I've got a problem from a STEP III paper which I am trying to answer. 
I have got as far as
$$M_T (\theta) = \frac{1}{(1-\theta)^2}$$
and
$$ \int_{0}^{\infty} g(u) e^{\theta u} \mathrm{d}u = \frac{1}{(1-\theta)^4}$$
which I need to solve for the probability density function $g(u)$. I do remember a bit about moment generating functions, how to obtain them, their independence and whatnot, but I am struggling to figure out how to show that the density function is that as described in the question.
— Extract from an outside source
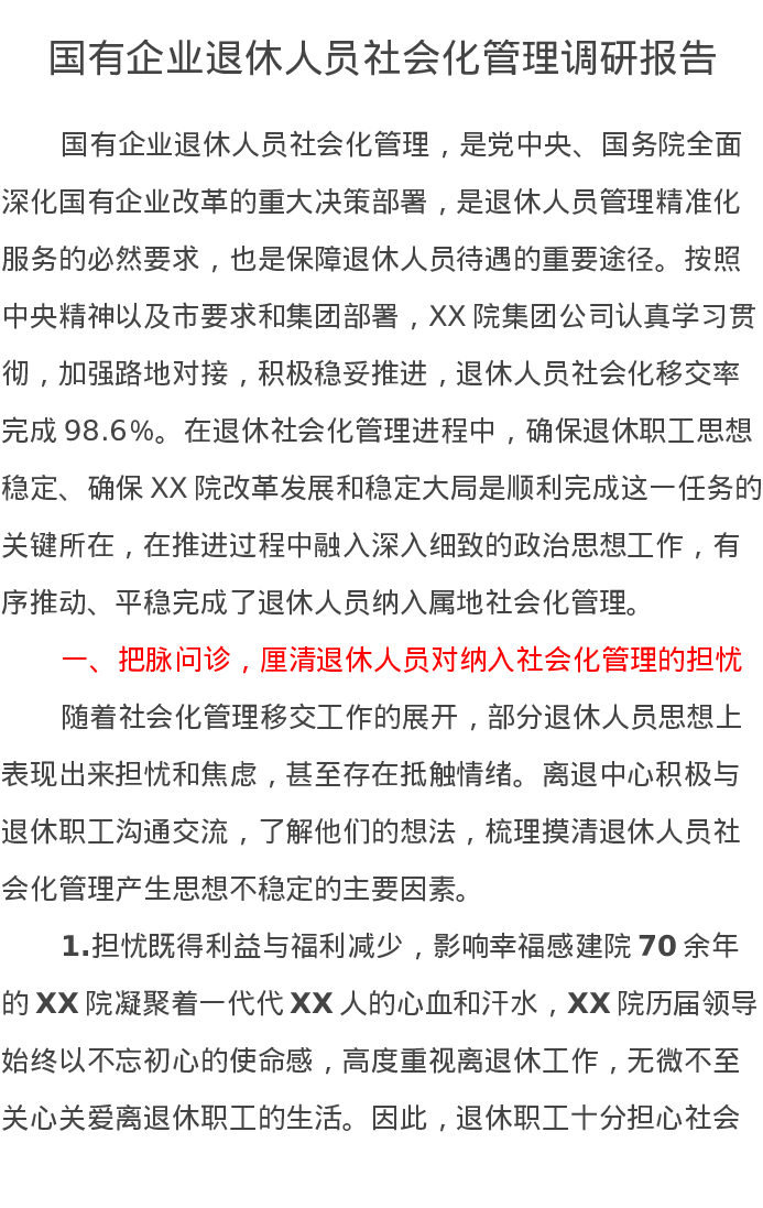国有企业退休人员社会化管理调研报告

As this is a STEP paper (and some knowledge of moment generating functions is needed) is there a way of doing this without using Fourier/Laplace transforms as this isn't in the A-level curriculum? I am quite out of practice and am figuring there must be a much simpler way to do this (i.e. perhaps integrating by parts and then setting up a differential equation in $g(u)$)?
I'm not sure what's a valid method here by your standards, but one way to figure this out is just pattern recognition.
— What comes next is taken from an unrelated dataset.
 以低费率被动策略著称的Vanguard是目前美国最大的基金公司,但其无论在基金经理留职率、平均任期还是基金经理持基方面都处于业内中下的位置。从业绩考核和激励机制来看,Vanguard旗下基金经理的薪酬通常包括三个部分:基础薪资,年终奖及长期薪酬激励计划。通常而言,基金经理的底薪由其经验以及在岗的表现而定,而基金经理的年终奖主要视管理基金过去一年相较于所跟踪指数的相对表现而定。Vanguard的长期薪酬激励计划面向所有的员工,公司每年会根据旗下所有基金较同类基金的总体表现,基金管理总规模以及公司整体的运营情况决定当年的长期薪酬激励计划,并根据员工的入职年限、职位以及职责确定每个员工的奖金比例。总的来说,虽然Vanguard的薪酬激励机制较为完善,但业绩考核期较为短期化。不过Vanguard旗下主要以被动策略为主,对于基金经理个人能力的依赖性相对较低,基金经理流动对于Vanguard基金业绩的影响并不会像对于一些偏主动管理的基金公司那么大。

You computed the MGF for the PDF $f(t)=te^{-t},$ presumably like this: $$ M(\theta) = \int_0^\infty e^{\theta t}te^{-t}dt = \int_0^\infty te^{-(1-\theta)t}dt = \frac{1}{(1-\theta)^2}\int_0^\infty ue^{-u}du = \frac{1}{(1-\theta)^2}.$$ Notice this is the square of the MGF for an exponential distribution $e^{-t}$, and it's easy to see why: we have that extra $t$ out front that results in an extra factor of $(1-\theta)^{-1}$ when we do the substitution.
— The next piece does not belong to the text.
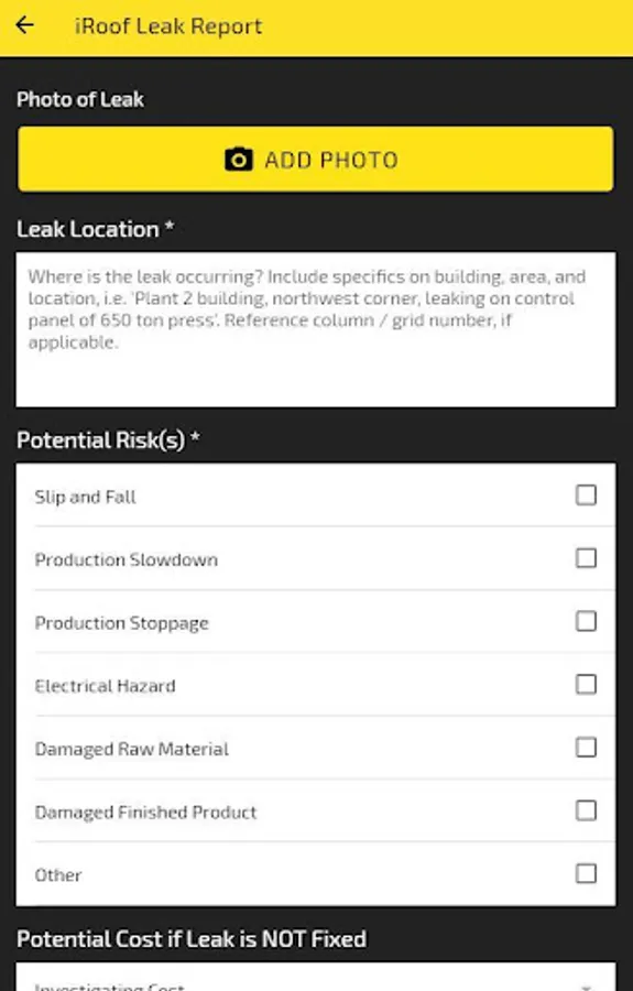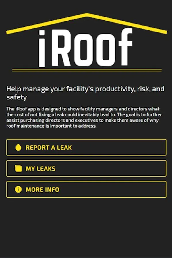 The iRoof app is designed to show facility managers and directors what the cost of not fixing a leak could inevitably lead to. The goal is to further assist purchasing directors and executives to make them aware of why roof maintenance is important to address.

From this, it is natural to consider the family of distributions $f(t) = \frac{1}{n!}t^{n}e^{-t}$ for which we have, similarly to before, $$ M(\theta) = \int_0^\infty e^{\theta t}\frac{1}{n!}t^{n}e^{-t}dt = \frac{1}{(1-\theta)^{n+1}} \frac{1}{n!}\int_0^\infty u^{n}e^{-u}du = \frac{1}{(1-\theta)^{n+1}}.$$ So your desired distribution is for $n=3,$ which corresponds to the pdf $f(t) = \frac{1}{3!}t^3e^{-t}.$